Task prompt |
Go through the listing below and write out exactly the lines from the one that mentions "1) English pocket" through the one that mentions "Seinähylly terästä. Hyllyssä", minus the pictures.

Stored data |
:::

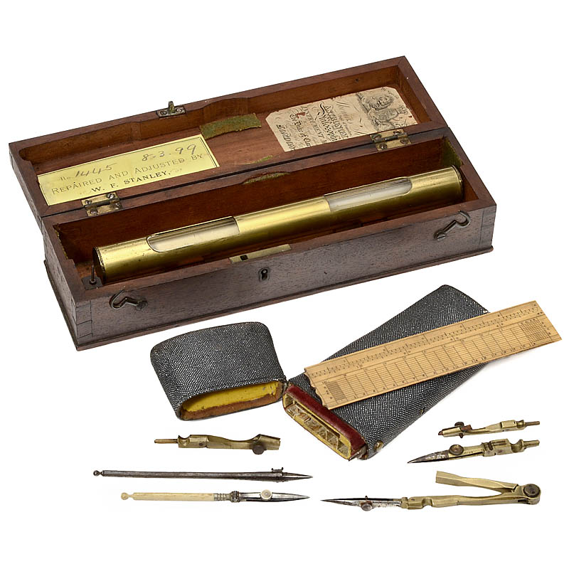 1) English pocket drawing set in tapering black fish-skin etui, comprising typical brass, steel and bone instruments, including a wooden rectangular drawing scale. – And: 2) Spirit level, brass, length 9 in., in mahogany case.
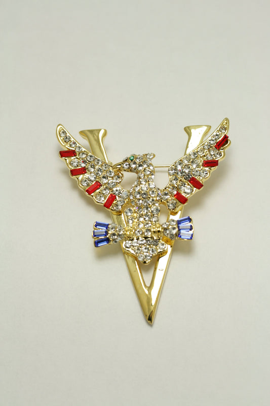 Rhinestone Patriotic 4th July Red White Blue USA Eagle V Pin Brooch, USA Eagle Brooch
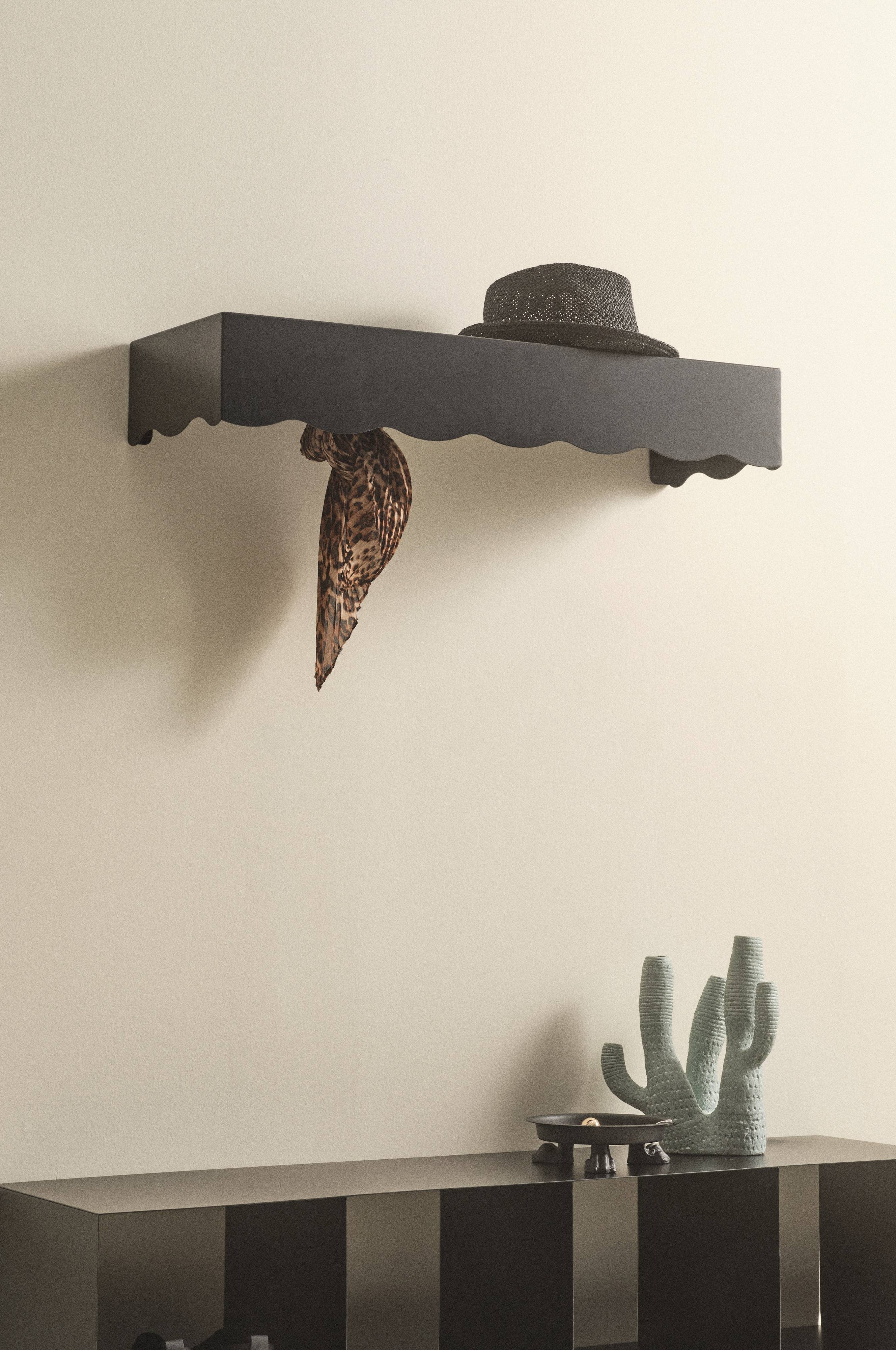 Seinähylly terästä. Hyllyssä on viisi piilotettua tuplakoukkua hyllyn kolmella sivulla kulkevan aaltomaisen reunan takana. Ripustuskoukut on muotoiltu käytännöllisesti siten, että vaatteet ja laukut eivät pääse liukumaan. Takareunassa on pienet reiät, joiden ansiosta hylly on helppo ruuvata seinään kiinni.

:::

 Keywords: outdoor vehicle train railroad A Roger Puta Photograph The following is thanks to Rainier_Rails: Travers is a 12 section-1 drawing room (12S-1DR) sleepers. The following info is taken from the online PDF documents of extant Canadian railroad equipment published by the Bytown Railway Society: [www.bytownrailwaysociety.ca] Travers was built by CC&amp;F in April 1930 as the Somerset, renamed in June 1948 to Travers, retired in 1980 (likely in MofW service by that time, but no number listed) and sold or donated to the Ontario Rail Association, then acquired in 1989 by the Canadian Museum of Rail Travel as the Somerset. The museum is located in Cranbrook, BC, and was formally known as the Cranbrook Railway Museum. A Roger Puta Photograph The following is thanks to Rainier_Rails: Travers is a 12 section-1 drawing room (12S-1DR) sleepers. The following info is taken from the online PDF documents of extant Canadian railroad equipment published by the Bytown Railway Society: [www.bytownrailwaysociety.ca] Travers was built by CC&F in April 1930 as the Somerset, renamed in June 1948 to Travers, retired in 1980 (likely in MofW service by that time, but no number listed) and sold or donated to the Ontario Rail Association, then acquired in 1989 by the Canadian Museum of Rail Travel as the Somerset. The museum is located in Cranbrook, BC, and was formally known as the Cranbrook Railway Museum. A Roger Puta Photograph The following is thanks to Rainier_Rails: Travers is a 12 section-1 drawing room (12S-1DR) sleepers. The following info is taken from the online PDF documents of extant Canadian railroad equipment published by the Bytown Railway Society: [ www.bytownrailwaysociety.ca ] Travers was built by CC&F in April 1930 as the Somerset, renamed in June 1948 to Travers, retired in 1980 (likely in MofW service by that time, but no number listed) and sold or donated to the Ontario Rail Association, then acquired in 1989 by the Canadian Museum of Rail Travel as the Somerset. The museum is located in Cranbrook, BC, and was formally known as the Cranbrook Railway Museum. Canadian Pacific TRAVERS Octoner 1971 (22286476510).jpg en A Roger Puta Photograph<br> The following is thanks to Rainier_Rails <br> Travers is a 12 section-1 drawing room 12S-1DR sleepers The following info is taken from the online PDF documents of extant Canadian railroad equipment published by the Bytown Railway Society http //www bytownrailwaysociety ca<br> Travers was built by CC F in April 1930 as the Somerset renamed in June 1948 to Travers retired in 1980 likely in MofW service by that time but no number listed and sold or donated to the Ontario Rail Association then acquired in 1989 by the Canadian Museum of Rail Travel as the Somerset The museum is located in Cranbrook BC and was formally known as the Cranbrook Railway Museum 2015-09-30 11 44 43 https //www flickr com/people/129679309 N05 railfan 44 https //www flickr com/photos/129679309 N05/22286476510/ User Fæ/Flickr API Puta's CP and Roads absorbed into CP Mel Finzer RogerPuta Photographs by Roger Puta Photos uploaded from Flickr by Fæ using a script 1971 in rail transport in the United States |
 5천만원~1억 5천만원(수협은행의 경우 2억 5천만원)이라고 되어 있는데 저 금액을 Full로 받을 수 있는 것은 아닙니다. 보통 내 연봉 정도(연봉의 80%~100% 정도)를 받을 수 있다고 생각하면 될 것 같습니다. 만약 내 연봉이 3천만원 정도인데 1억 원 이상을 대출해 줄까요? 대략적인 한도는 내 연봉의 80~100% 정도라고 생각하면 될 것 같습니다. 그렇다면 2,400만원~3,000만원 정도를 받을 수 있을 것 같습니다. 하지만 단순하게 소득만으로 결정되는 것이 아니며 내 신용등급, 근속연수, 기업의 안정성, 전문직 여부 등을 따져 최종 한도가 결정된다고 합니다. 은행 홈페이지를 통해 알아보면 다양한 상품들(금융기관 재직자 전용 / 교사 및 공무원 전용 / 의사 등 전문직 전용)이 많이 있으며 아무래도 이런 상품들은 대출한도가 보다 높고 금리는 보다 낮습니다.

:::

Solution |
 1) English pocket drawing set in tapering black fish-skin etui, comprising typical brass, steel and bone instruments, including a wooden rectangular drawing scale. – And: 2) Spirit level, brass, length 9 in., in mahogany case.
 Rhinestone Patriotic 4th July Red White Blue USA Eagle V Pin Brooch, USA Eagle Brooch
 Seinähylly terästä. Hyllyssä on viisi piilotettua tuplakoukkua hyllyn kolmella sivulla kulkevan aaltomaisen reunan takana. Ripustuskoukut on muotoiltu käytännöllisesti siten, että vaatteet ja laukut eivät pääse liukumaan. Takareunassa on pienet reiät, joiden ansiosta hylly on helppo ruuvata seinään kiinni.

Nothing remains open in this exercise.